Legal fees amount to $58,000, then 200,000 euro. $250,000, we are told, goes to manager Nigel Thomas, who has sold his client’s visage for $1 million before unexpectedly and rather inconveniently dying. Morrissey then asks his bookkeeper to demand that sum back from Thomas’ grieving family and wonders why this instruction is met with jaw-dropping incredulity. When he is sued in L.A. Supreme Court by a man we’re asked to believe is really called Irving Handsoff, we get this unflattering self-assessment, which crept by the editors at Penguin Classics (who perhaps for a moment thought they had an genuine Dickensian tract on their hands): “It was true that the art of getting money and acknowledging no superior was the rock on which the black hands of Handsoff had built his empire, and I was gooey putty against his Israelites.” Well, no snot-nosed cub reporter at NME can plausibly be blamed for that ugly formulation. But the odd Israelite doesn’t stand a chance against legions of adoring Israelis. Morrissey was gooey putty, too, when presented the Keys to the City of Tel Aviv in 2012, an event happily chronicled on the Autobiography’s very own flap jacket. He also expresses happy befuddlement, in the tail-end of the book — basically a venue-to-venue concert diary — at his enormous Hispanic following.

My analogy falls down when Morrissey decides to cast himself in the role of his preferred literary progenitor — Wilde — albeit without the wit and poignancy of Oscar's famous decline and fall. A decade-long civil suit initiated by former Smiths drummer Mike Joyce against Morrissey and Marr, alleging that he was owed a quarter percentage of all band royalties is treated as a mixture of “Berezovsky v. Abramovich” and De Profundis. Our narrator insists that such a dispensation was never on offer or agreed to in 1982 when the band came together. Joyce and bassist Andy Rourke, here relegated to the status of sessions musicians, were only meant to get 10 percent apiece because the Smiths were only really ever Morrissey and Marr. Joyce “Iscariot” (making Morrissey whom, exactly?) nevertheless wins big the first time, then on appeal, and this crime cannot go without heaving, empurpled redress.

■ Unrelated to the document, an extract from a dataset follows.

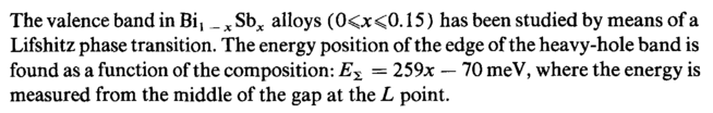 The valence band in Bi{ _xSbx alloys (0<χ<0.15) has been studied by means of a Lifshitz phase transition. The energy position of the edge of the heavy-hole band is found as a function of the composition: Ετ = 259x — 70 meV, where the energy is measured from the middle of the gap at the L point.

The court case, minuted in 50 pages of mock retrial, finds Morrissey at his bitterest and most self-pitying, scuppering any chance the reader might have of feeling sorry for him as the victim of a genuine swindle. The wickedness of judges past and present is a leaden theme throughout the Autobiography: not only are bewigged verdict-dealers hunters and fisherman and “terrorists” but their only function is to be “remembered somewhere (anywhere!) in history’s grubby footnotes.” This is in fact referring to Alfred Wills, the man who locked up Wilde for sodomizing Bosie, not about John Weeks, the man who gave Joyce his 25 percent cut.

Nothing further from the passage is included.